Externally driven local colloidal ordering induced by a point-like heat source

TL;DR

This study demonstrates how a point-like heat source can induce local phase transitions and diverse colloidal structures, including crystals and amorphous states, through thermophoresis in suspension.

Contribution

It reveals the role of thermophoresis in controlling colloidal phase transitions and structures near a heat source, introducing a new method for studying densification and ordering.

Findings

Solid clusters form around the heat source.

Various structures like FCC crystals and amorphous states are observed.

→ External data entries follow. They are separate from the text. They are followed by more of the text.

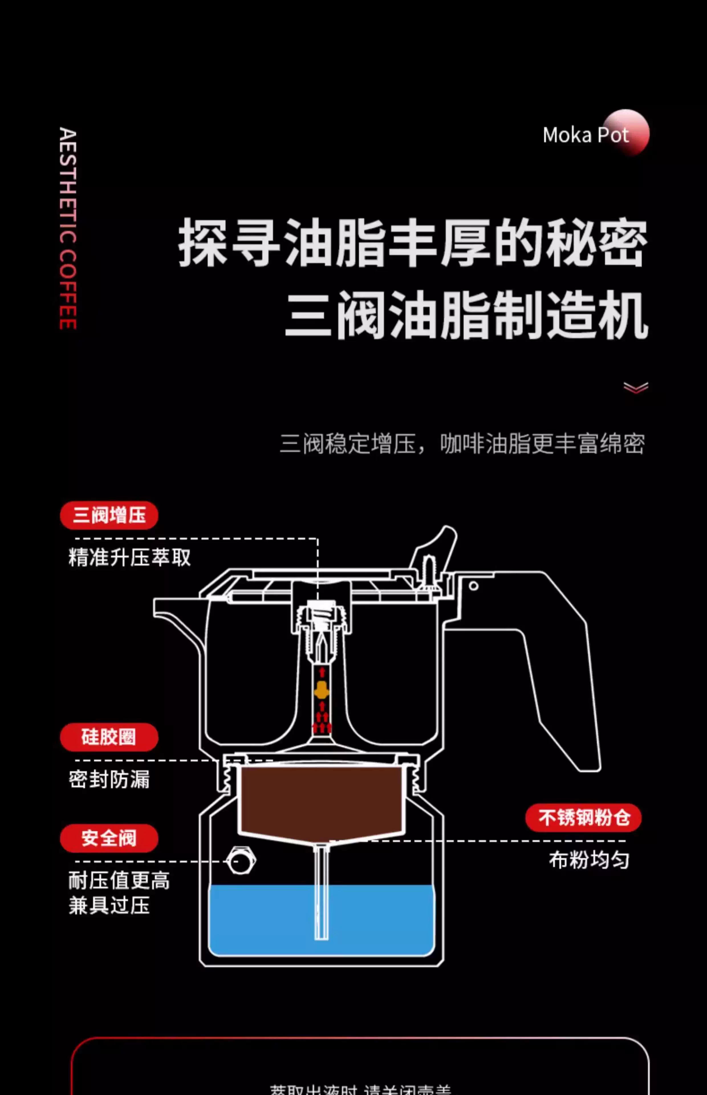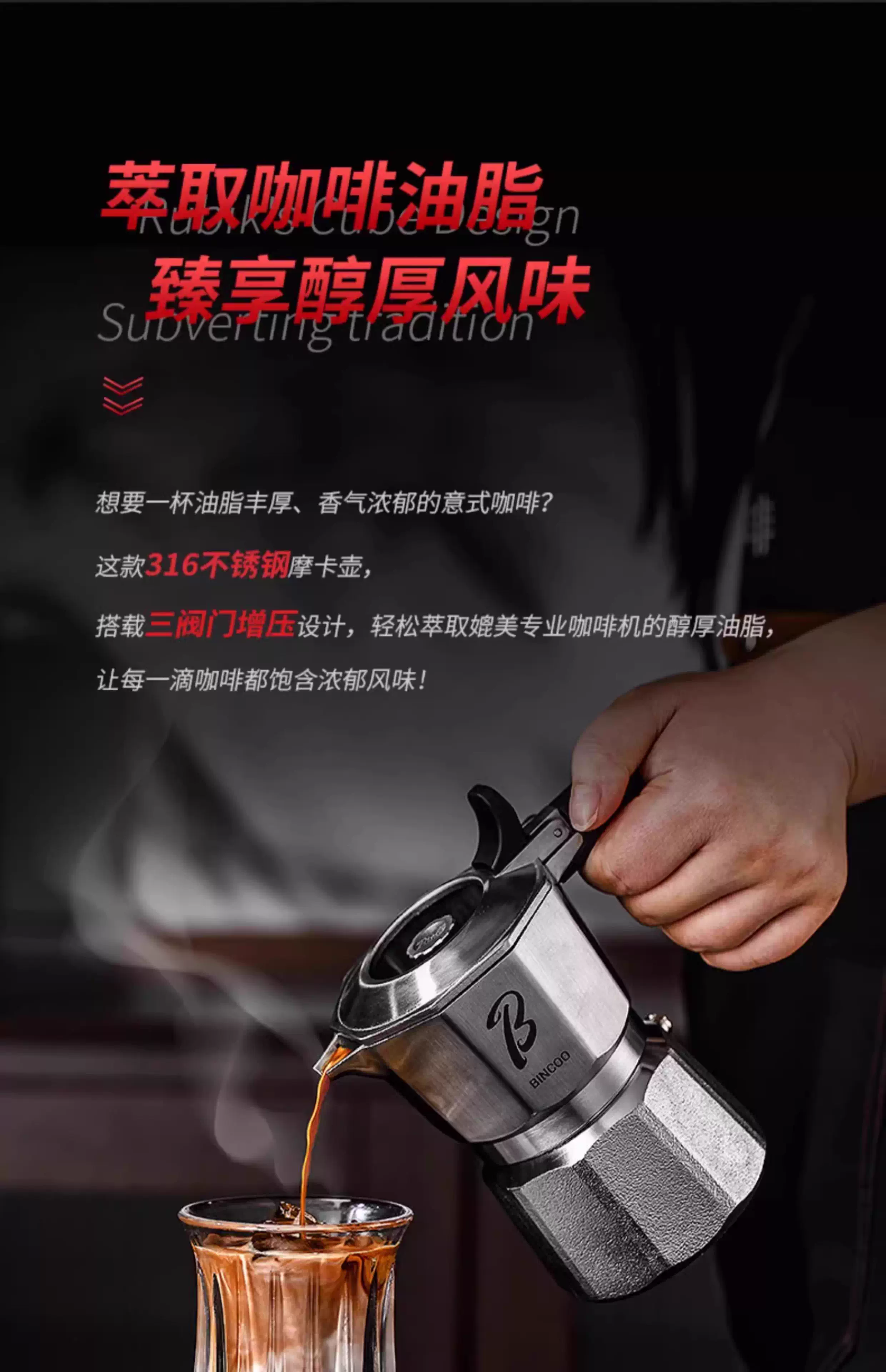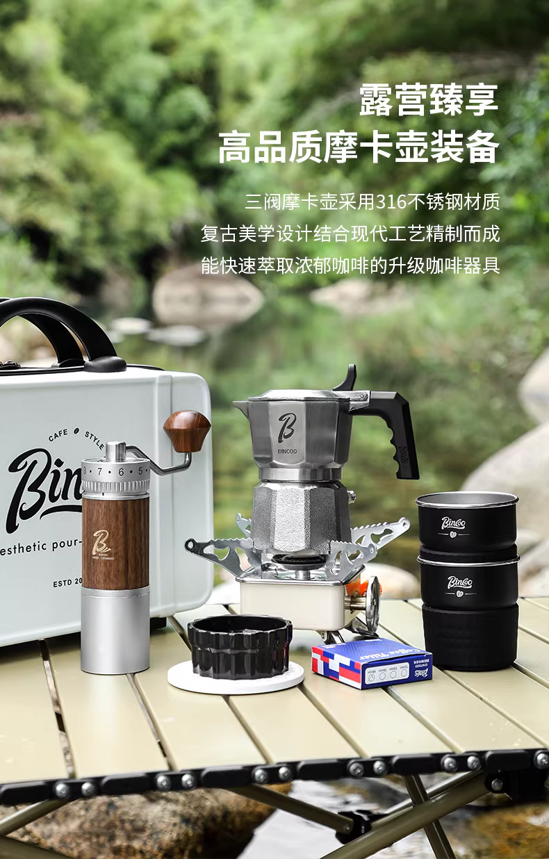 Bộ pha cà phê moka bằng thép không gỉ 316 ba van Bincoo, máy pha cà phê hai van dùng cho gia đình, bộ pha cà phê espresso nhỏ gọn dùng ngoài trời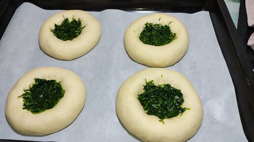 Ватрушки с зеленью и сыром. Зелень можно выбрать любой по своему усмотрению.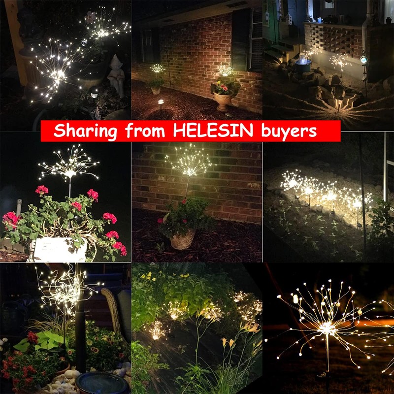 - DIY design and wide application: HELESIN solar fireworks with 105 bright LEDs. The lamp wire is made of soft copper wire, which can be DIY shaped according to your wishes. Suitable for decorating the garden, flower beds, fences, roof, etc. Unique decor for Christmas, Halloween, Thanks Giving Day.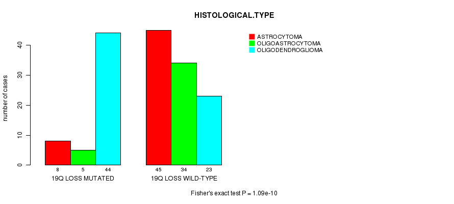 Figure S11. Get High-res Image Gene #46: '19q loss mutation analysis' versus Clinical Feature #5: 'HISTOLOGICAL.TYPE'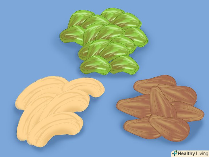 Цільнозернові продукти. намагайтеся вибирати цільнозерновий хліб і макарони. При цьому не забувайте про інші цільнозернові продукти – вівсяну кашу, кіноа і неочищений рис. Майже половину зернових продуктів повинні складати цільнозернові види. [31]- Дорослим жінкам необхідно вживати в їжу 170 грамів цільнозернових продуктів в день, а після 50 років скоротити цю кількість до 140 грамів. Дорослим чоловікам потрібно 230 грамів цільнозернових продуктів в день у віці до 30 років, 200 грамів у віці до 50 років і 170 грамів після 50 років. [32]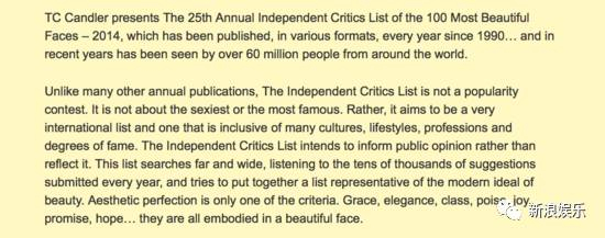 答:美国著名电影网站TC Candle主办,从1990年开始,至今已有27年的历史了。榜单以世界各国的女演员、歌手、模特为对象,以“面孔美学完成度”为标准进行评判。
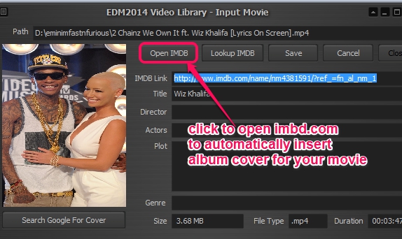 - If you have to automatically insert missing album cover, then you can use Open IMDB button. It will open imbd.com webpage from where you can search for particular video and can copy paste result URL at required box. Just after providing the URL, use Lookup IMDB button to automatically insert album art.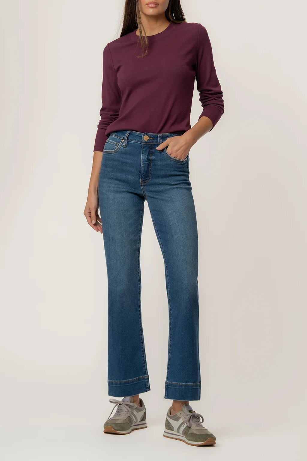 • Flatter your shape and elevate your style with these high rise ankle flare jeans, crafted in a rich dark wash with a bold wide hem for a standout finish. Built-in Fab Ab pockets smooth and support, while the stretchy material ensures all-day comfort with a structured feel.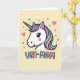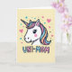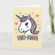 This card features the head of a gentle mythical horse-like creature, drawn in a simple graphic style with dark outlines and a sweet, friendly expression ❤️. Its face is bright white with big eyes, soft lashes, and a rosy blush that suggests a tender, affectionate mood. A flowing mane falls in neat pastel stripes of pink, pale blue, and warm peach, and the spiraled horn repeats those same soft colors. The background is a creamy yellow, giving the character a cozy, sunny setting. Scattered around are small hearts in blush pink and teal, along with tiny stars and dots that feel like little signals of caring and closeness 🌼. Near the bottom, the text “UNI-MOM” sits prominently, with “UNI-” in light blue and “MOM” in gentle pink, both edged in a dark blue outline. The hearts and stars float across the yellow field in matching pastel tones around the character’s head.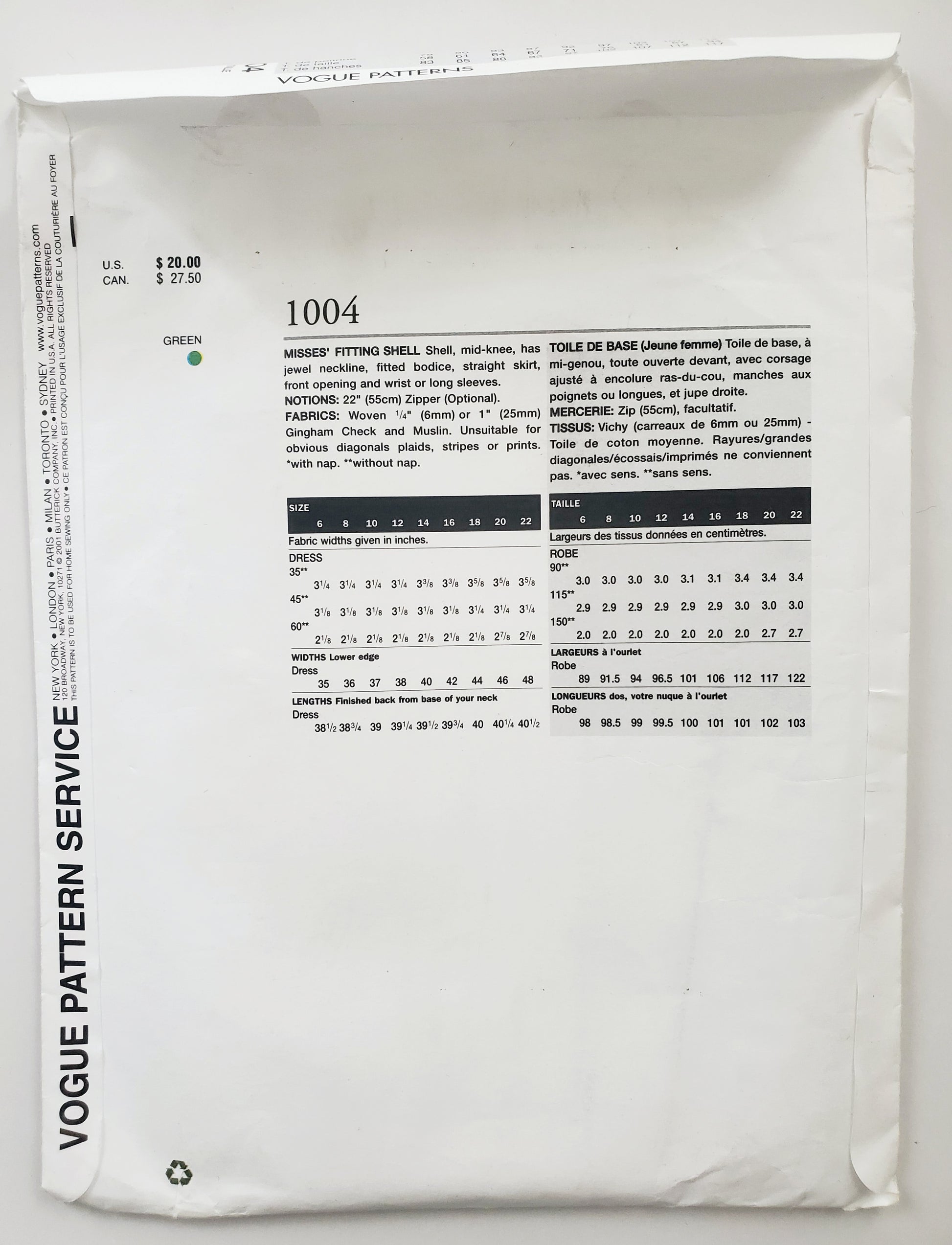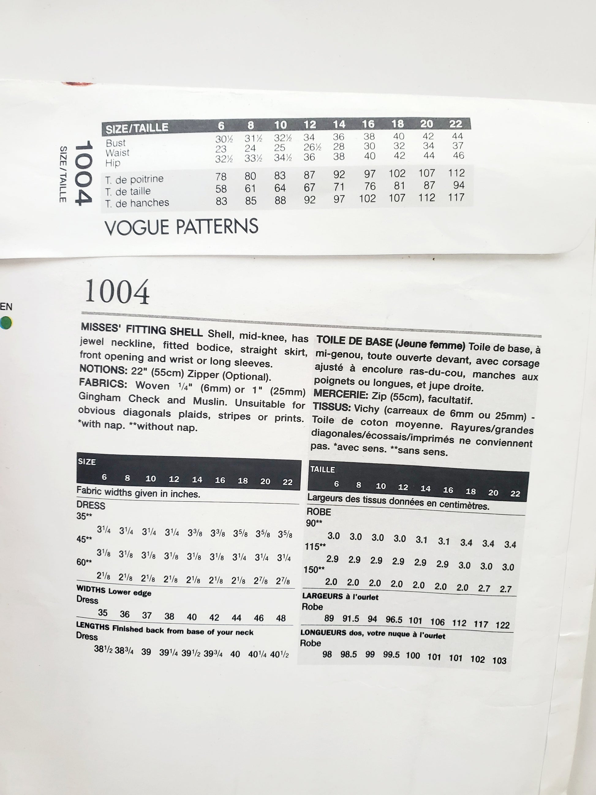 VOGUE Sewing Pattern 1004 Misses Fitting Shell, Dress & Skirt Size 6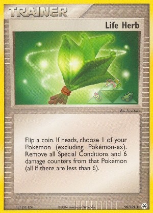 Beschreibung: Flip a coin. If heads, choose 1 of your Pokémon (excluding Pokémon-ex). Remove all Special Conditions and 6 damage counters from that Pokémon (all if there are less than 6).

Cluster sizes are determined by concentration profiles, not thermodynamics.

Abstract

We study here how phase transitions are induced in colloidal suspensions by a point-like heat source, an optically trapped metal oxide particle absorbing light. We find that thermophoresis increases the number density of colloids around the oxide particle, leading to the appearance of solid clusters. Our analysis based on thermophoresis reveals that the solid-fluid interface position is purely determined by the relationship of the particle concentration profile in the fluid state with the volume fraction of the phase transition, and no other effect of thermodynamics is seen in the cluster sizes. In this system, we observe the formation of face-centered cubic crystals, amorphous states, and structures with icosahedral order. This shows a rich possibility of non-trivial orderings under spatially controlled heterogeneous growth in external "semi-soft" potentials that are softer than walls but with substantial variations at the scale of a few particle diameters. Because of the tuneable rate of addition of particles to the clusters, we propose this method could be used to study the complex interplay of densification with local spatial confinement effects, kinetics, and ordering.